### Work to be completed:
From the line holding "8月21日,男子现代五项马术" through the line holding "Domenica 26 febbraio" below, write out every line exactly; include both of those lines and drop the pictures.

### Supplied material:

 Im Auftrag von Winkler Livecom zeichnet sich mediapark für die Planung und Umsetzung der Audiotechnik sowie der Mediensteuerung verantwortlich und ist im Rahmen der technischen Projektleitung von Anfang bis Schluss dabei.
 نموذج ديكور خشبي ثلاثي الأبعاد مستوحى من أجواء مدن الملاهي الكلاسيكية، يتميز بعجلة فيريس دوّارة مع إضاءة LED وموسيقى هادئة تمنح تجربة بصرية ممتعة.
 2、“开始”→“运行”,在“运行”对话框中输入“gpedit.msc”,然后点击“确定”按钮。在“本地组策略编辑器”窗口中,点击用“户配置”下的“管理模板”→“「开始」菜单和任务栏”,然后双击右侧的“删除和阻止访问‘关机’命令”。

==

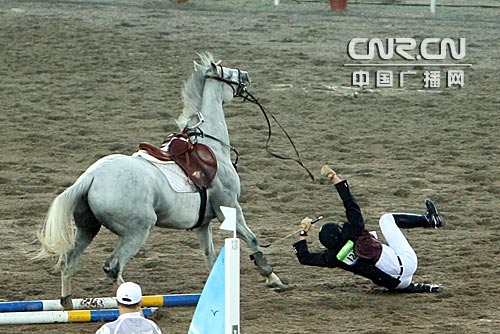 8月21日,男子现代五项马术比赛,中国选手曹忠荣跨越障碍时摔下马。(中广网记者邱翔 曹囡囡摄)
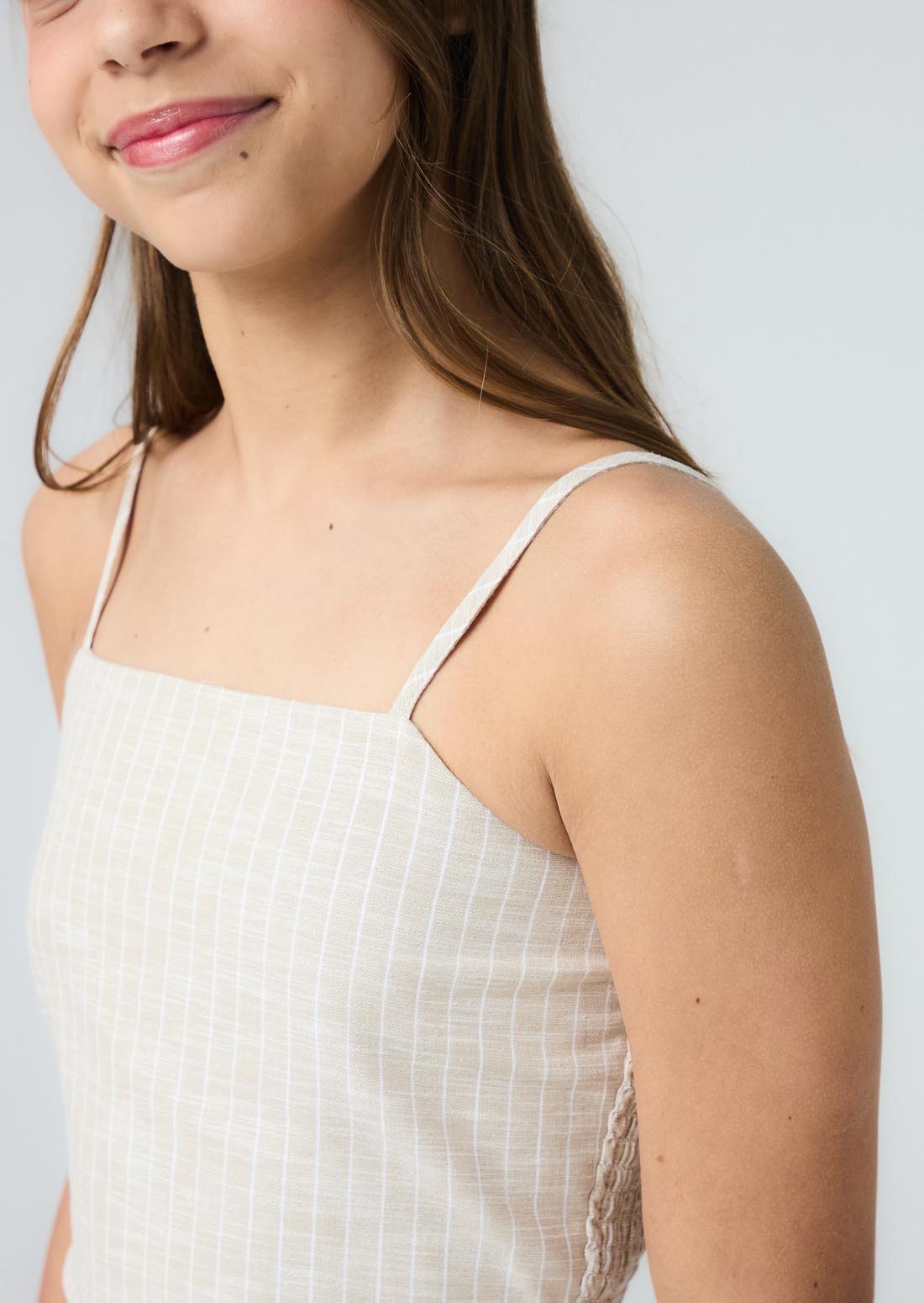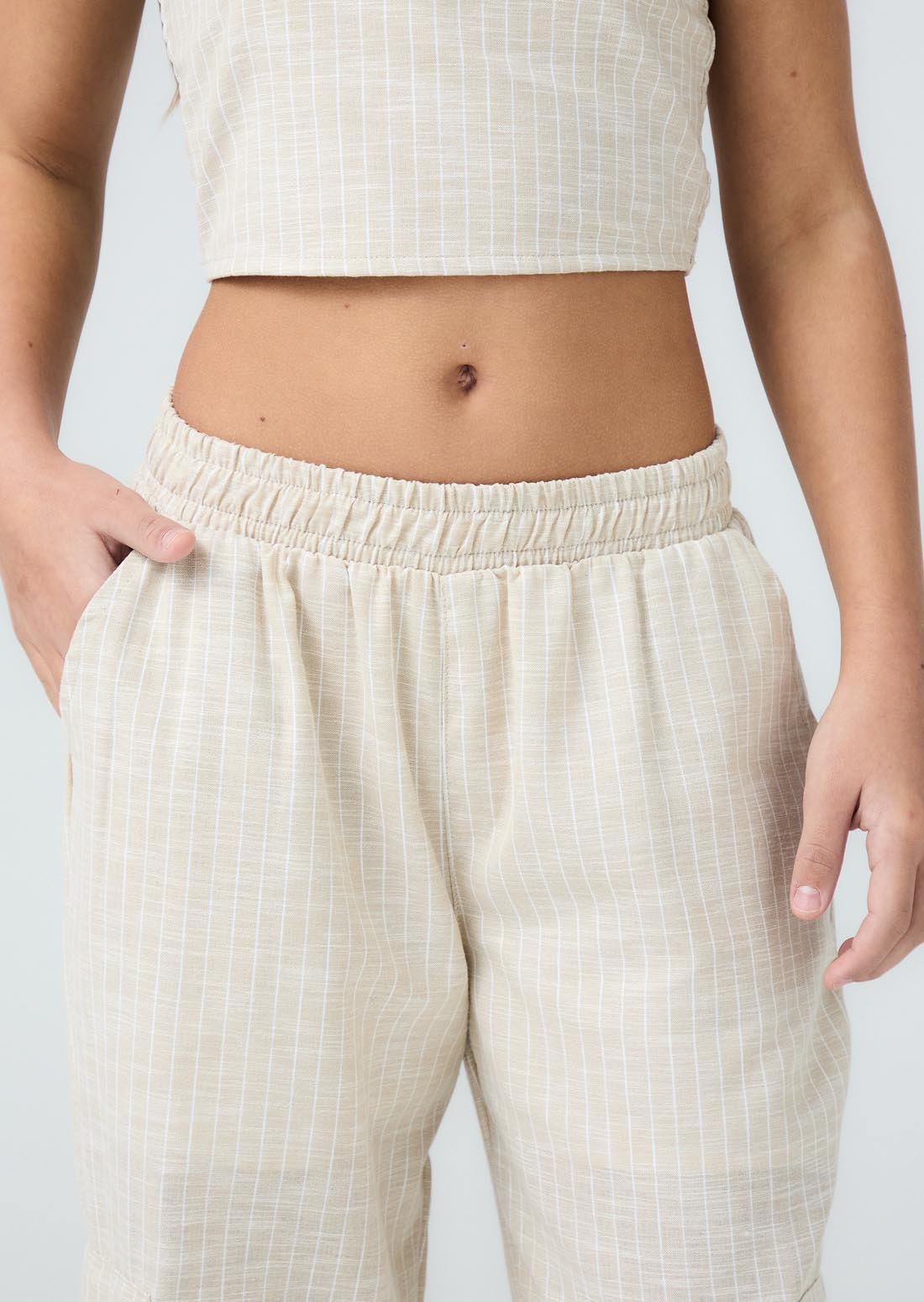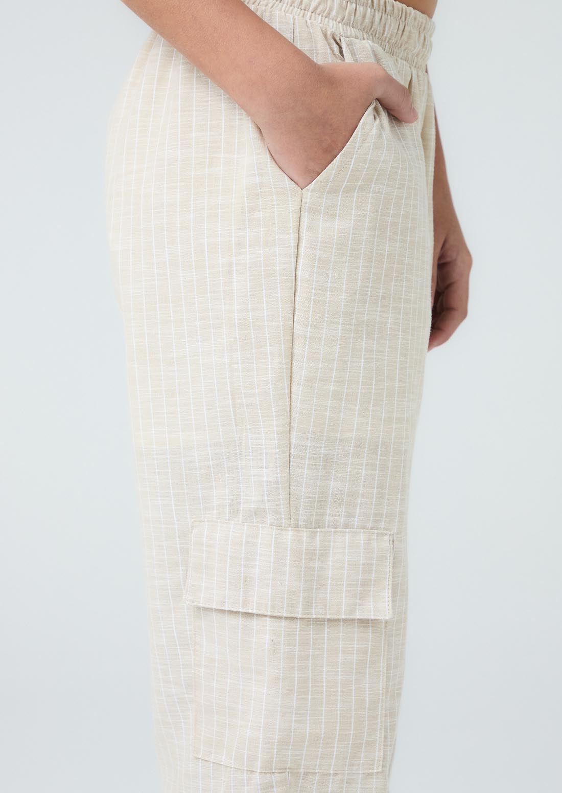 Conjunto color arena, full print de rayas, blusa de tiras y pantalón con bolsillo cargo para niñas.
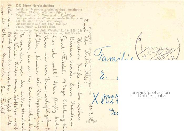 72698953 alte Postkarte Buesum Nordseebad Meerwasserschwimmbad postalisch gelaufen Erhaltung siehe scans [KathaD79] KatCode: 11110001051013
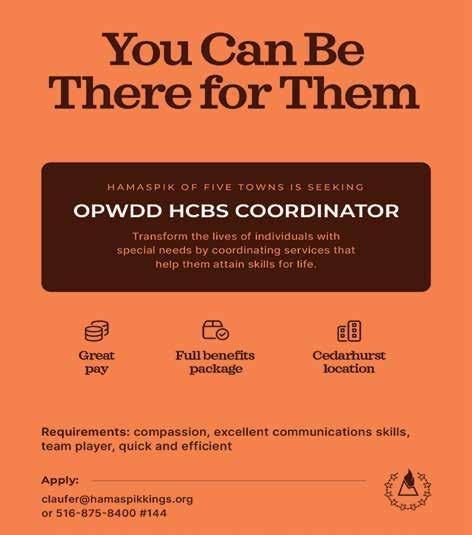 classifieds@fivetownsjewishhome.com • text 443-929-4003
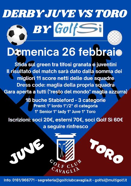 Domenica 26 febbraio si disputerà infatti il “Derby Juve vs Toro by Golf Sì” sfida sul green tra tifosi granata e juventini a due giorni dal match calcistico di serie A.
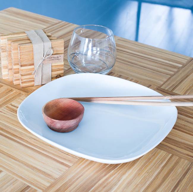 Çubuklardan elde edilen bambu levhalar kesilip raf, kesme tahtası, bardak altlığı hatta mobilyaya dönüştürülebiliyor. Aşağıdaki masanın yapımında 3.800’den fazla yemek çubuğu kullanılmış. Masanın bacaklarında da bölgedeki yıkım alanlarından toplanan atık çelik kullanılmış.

* * *

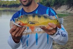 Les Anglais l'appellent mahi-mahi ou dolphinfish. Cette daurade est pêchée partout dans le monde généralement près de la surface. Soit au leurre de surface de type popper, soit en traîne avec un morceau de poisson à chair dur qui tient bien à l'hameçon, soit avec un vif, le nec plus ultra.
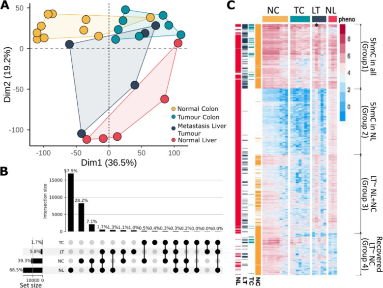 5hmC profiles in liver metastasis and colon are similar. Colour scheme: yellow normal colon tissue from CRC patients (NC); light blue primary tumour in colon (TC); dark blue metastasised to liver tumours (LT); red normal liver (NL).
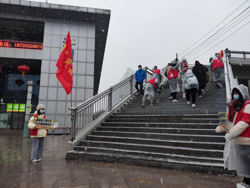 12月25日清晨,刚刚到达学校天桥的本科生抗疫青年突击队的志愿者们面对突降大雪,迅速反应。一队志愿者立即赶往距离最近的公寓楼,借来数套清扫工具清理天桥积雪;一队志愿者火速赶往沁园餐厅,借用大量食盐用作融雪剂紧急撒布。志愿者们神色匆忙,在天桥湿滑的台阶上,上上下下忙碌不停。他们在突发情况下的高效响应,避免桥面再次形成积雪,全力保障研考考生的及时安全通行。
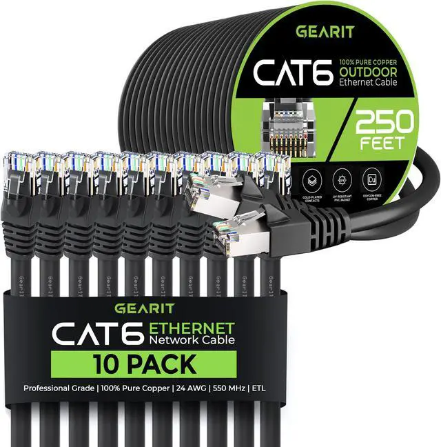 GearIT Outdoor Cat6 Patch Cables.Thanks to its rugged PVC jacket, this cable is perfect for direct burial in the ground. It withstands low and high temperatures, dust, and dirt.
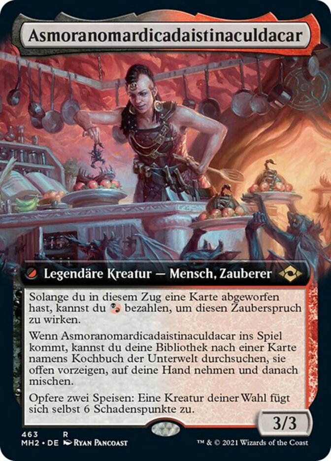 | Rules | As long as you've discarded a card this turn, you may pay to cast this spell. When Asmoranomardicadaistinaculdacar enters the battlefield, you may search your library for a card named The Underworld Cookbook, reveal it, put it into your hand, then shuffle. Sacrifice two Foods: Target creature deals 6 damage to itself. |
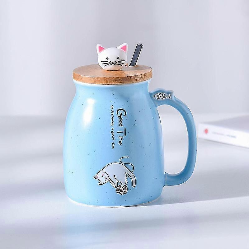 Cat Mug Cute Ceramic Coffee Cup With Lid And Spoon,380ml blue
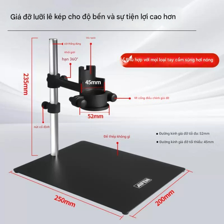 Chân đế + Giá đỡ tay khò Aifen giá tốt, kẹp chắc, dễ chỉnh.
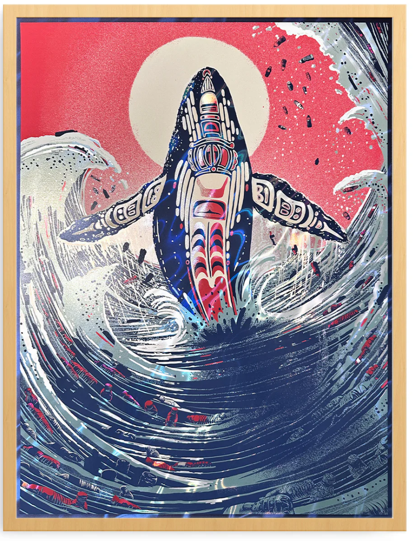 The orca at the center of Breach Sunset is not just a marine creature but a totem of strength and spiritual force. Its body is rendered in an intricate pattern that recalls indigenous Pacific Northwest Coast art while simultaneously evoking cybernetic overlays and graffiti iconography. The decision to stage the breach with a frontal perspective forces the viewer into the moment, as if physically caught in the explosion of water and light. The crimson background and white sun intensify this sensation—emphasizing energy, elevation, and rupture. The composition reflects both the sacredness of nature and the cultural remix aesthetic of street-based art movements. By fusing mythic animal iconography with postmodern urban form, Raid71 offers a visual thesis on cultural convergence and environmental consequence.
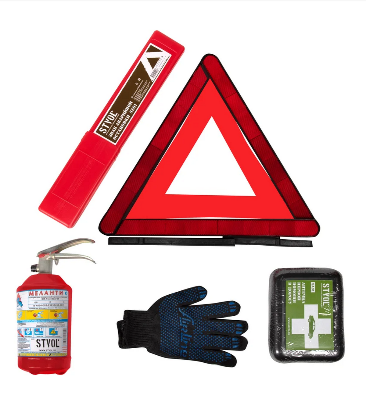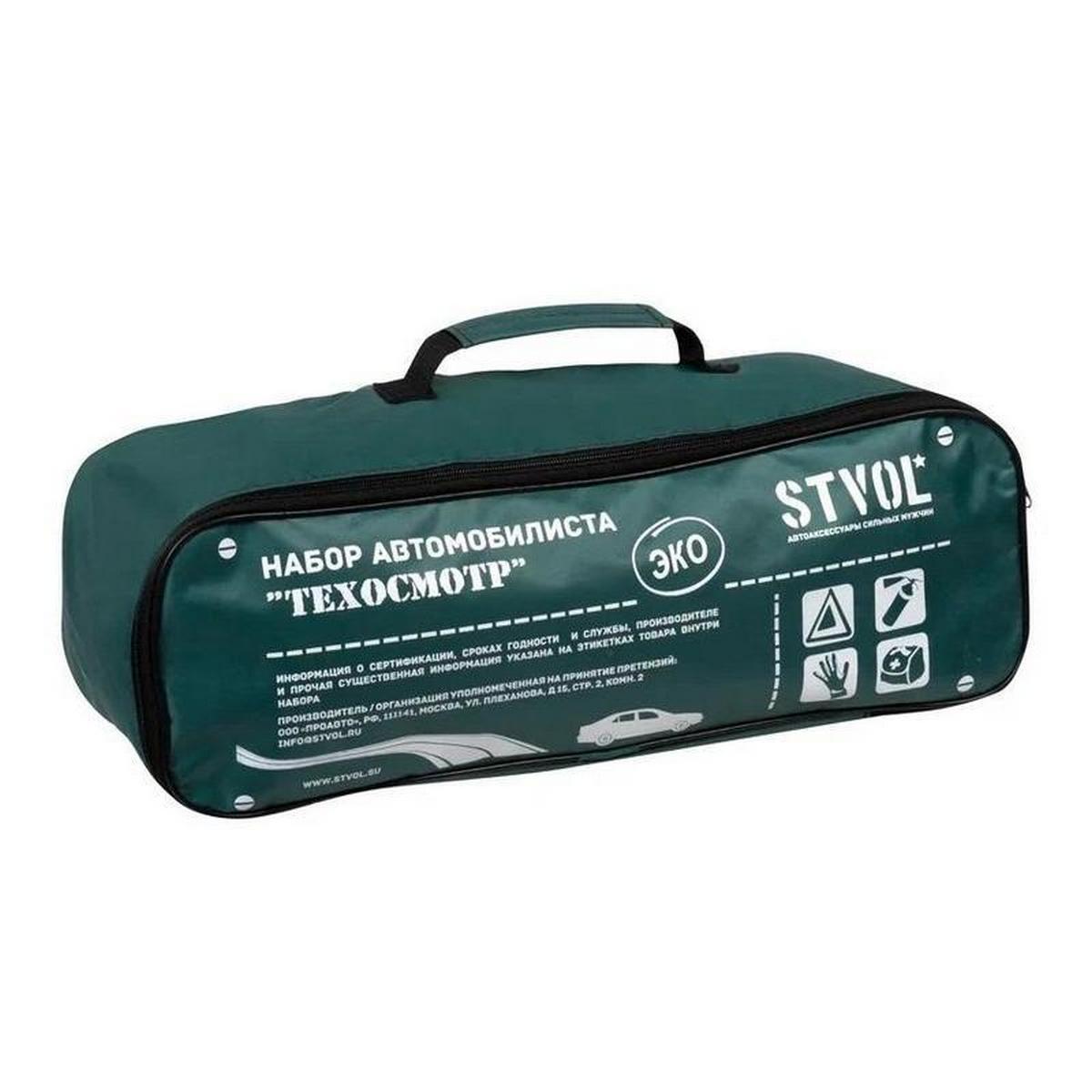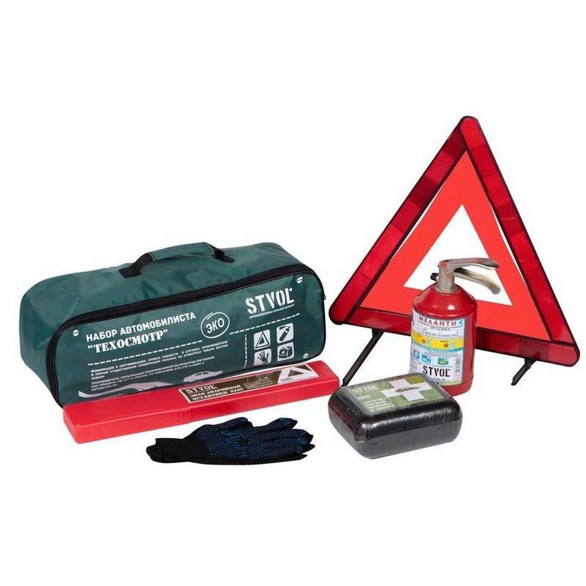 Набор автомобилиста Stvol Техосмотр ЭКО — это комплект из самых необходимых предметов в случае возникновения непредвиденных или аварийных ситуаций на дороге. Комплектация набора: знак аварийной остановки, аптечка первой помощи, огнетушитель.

### Written answer:
 8月21日,男子现代五项马术比赛,中国选手曹忠荣跨越障碍时摔下马。(中广网记者邱翔 曹囡囡摄)
 Conjunto color arena, full print de rayas, blusa de tiras y pantalón con bolsillo cargo para niñas.
 72698953 alte Postkarte Buesum Nordseebad Meerwasserschwimmbad postalisch gelaufen Erhaltung siehe scans [KathaD79] KatCode: 11110001051013
 classifieds@fivetownsjewishhome.com • text 443-929-4003
 Domenica 26 febbraio si disputerà infatti il “Derby Juve vs Toro by Golf Sì” sfida sul green tra tifosi granata e juventini a due giorni dal match calcistico di serie A.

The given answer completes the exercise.